Problem to solve: Transcribe every line from the one containing "ガッ、と渋撥が美作の胸座を掴" through the end of the records below, exactly, but not the pictures.

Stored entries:
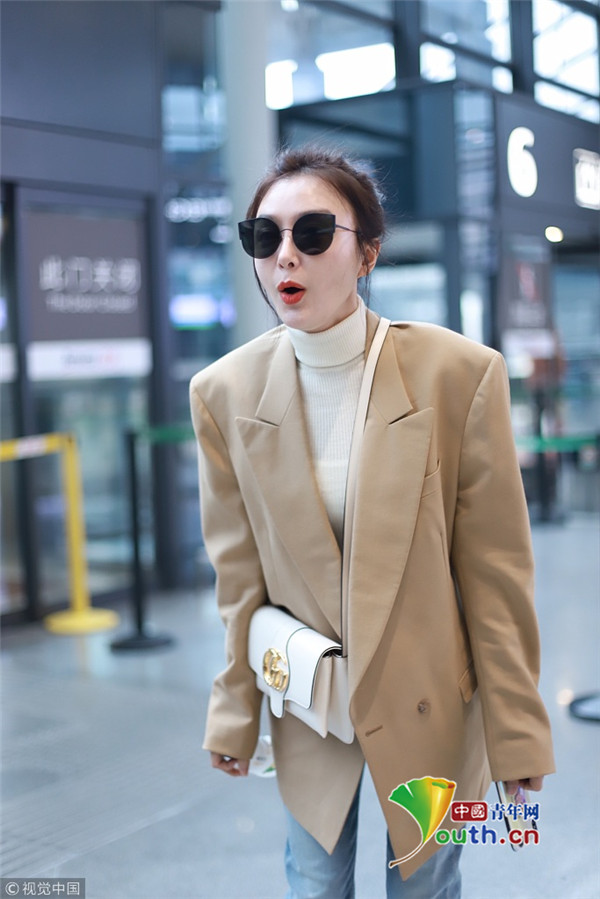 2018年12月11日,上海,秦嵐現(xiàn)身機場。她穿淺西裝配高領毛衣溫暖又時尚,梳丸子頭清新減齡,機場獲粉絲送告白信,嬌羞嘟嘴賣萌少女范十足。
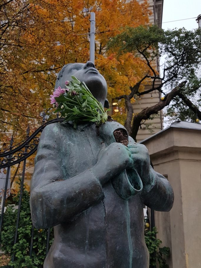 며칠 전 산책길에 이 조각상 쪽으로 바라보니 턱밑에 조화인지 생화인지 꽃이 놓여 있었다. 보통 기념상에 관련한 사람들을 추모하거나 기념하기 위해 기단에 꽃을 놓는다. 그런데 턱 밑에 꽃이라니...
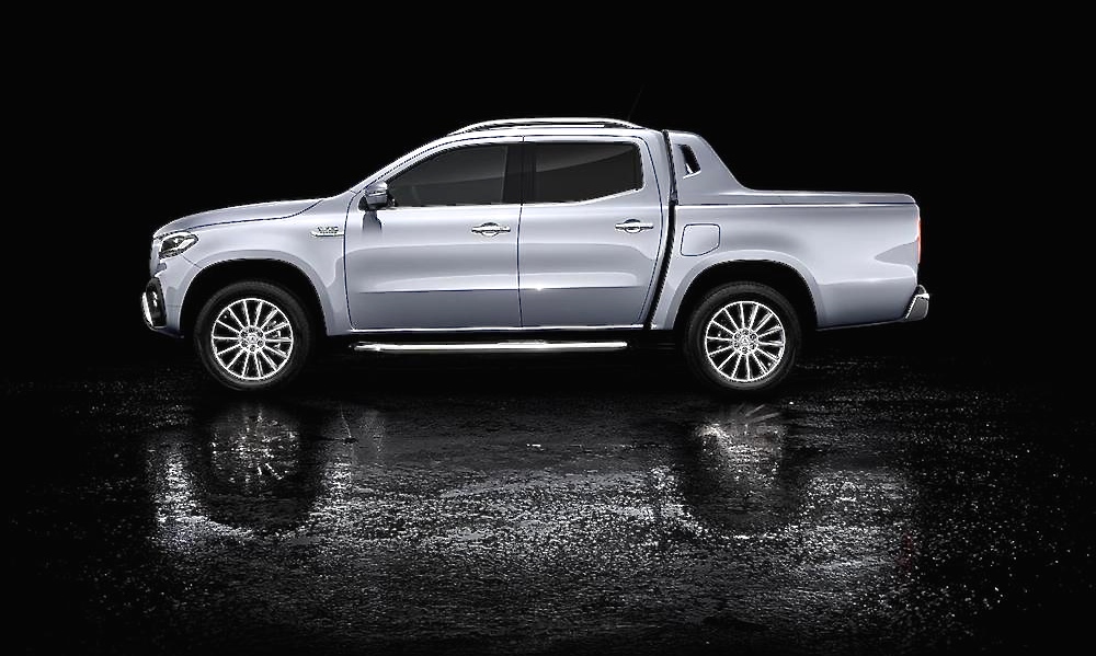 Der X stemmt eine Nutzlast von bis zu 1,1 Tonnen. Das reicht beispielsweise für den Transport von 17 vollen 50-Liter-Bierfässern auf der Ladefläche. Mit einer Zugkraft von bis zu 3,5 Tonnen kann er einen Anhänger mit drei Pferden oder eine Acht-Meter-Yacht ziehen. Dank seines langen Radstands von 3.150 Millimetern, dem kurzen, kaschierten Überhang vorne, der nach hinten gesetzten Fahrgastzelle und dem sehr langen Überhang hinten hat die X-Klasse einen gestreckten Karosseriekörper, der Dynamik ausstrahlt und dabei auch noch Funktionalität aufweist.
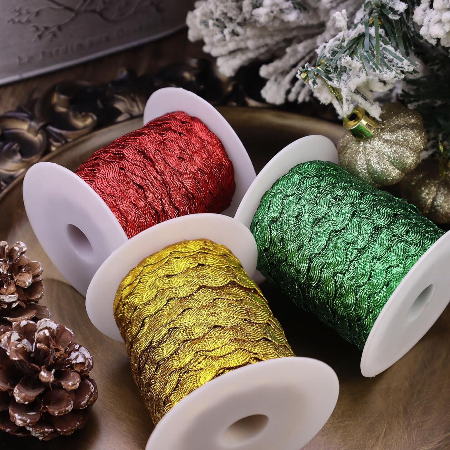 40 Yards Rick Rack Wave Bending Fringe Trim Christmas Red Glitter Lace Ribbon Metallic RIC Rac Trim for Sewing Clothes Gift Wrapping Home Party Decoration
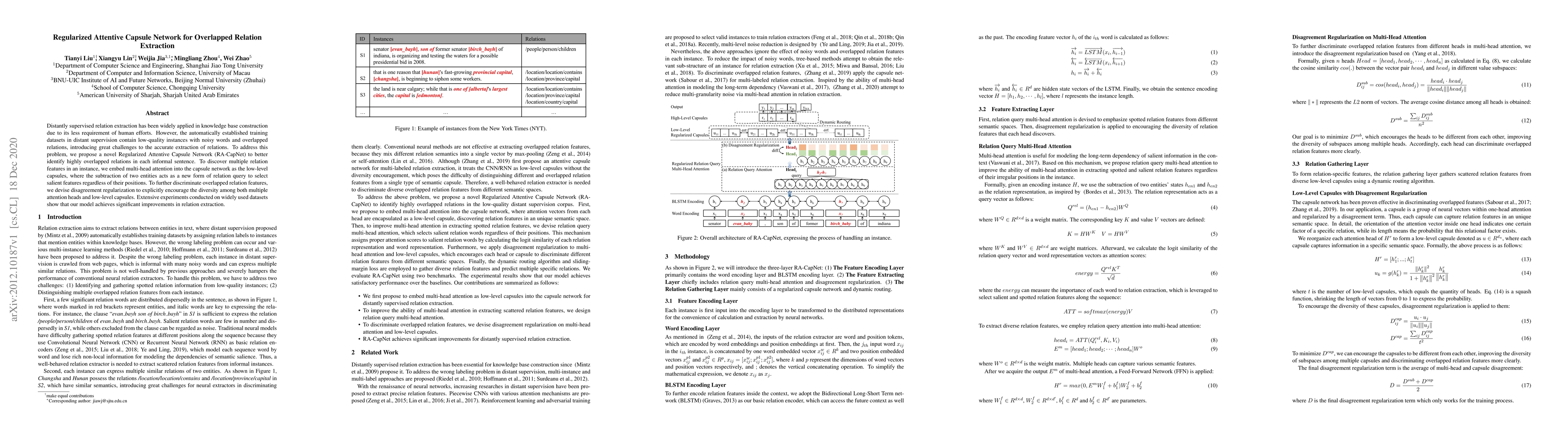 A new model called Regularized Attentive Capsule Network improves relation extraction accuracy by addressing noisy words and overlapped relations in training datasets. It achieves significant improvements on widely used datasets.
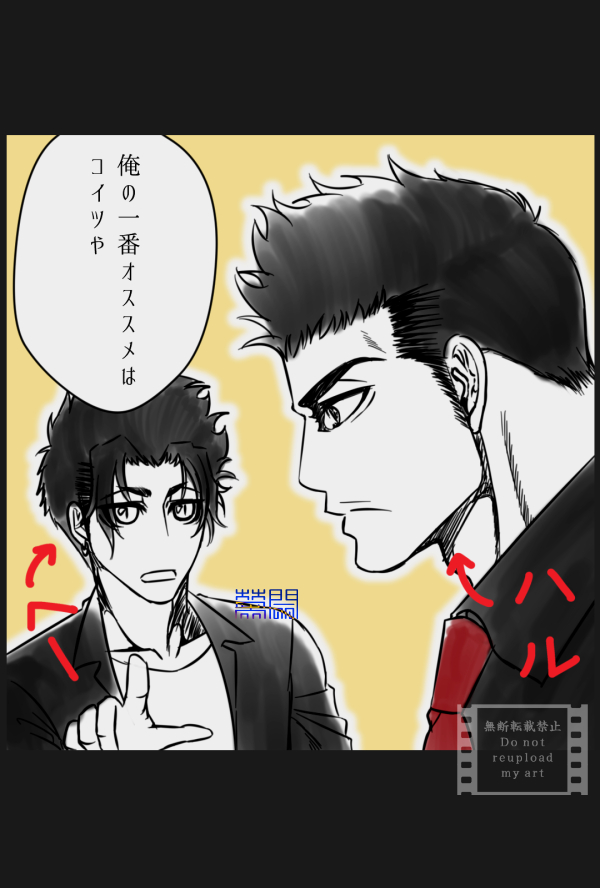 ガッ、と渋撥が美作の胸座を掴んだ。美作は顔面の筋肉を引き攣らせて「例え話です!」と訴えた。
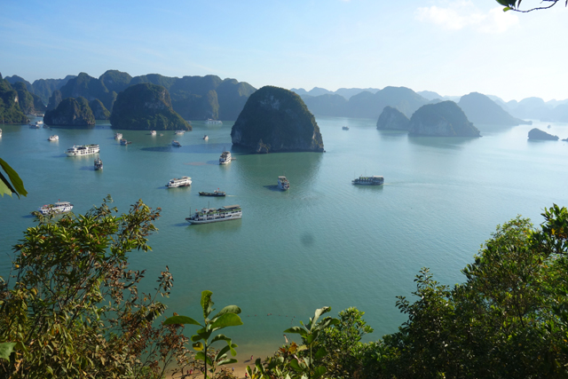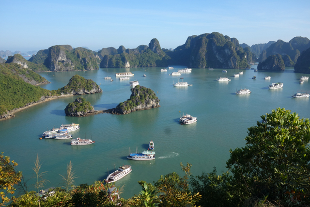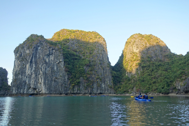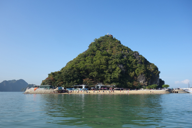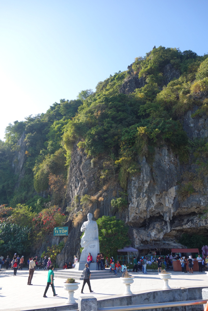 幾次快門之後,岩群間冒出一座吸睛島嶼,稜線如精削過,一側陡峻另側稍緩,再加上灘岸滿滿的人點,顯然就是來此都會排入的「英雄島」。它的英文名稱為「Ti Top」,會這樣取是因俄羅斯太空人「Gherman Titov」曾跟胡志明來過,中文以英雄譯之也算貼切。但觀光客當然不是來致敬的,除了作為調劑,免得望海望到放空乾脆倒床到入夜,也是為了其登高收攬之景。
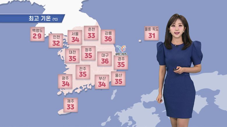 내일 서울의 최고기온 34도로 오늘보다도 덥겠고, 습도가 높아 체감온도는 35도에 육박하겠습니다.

Answer area:
 ガッ、と渋撥が美作の胸座を掴んだ。美作は顔面の筋肉を引き攣らせて「例え話です!」と訴えた。
 幾次快門之後,岩群間冒出一座吸睛島嶼,稜線如精削過,一側陡峻另側稍緩,再加上灘岸滿滿的人點,顯然就是來此都會排入的「英雄島」。它的英文名稱為「Ti Top」,會這樣取是因俄羅斯太空人「Gherman Titov」曾跟胡志明來過,中文以英雄譯之也算貼切。但觀光客當然不是來致敬的,除了作為調劑,免得望海望到放空乾脆倒床到入夜,也是為了其登高收攬之景。
 내일 서울의 최고기온 34도로 오늘보다도 덥겠고, 습도가 높아 체감온도는 35도에 육박하겠습니다.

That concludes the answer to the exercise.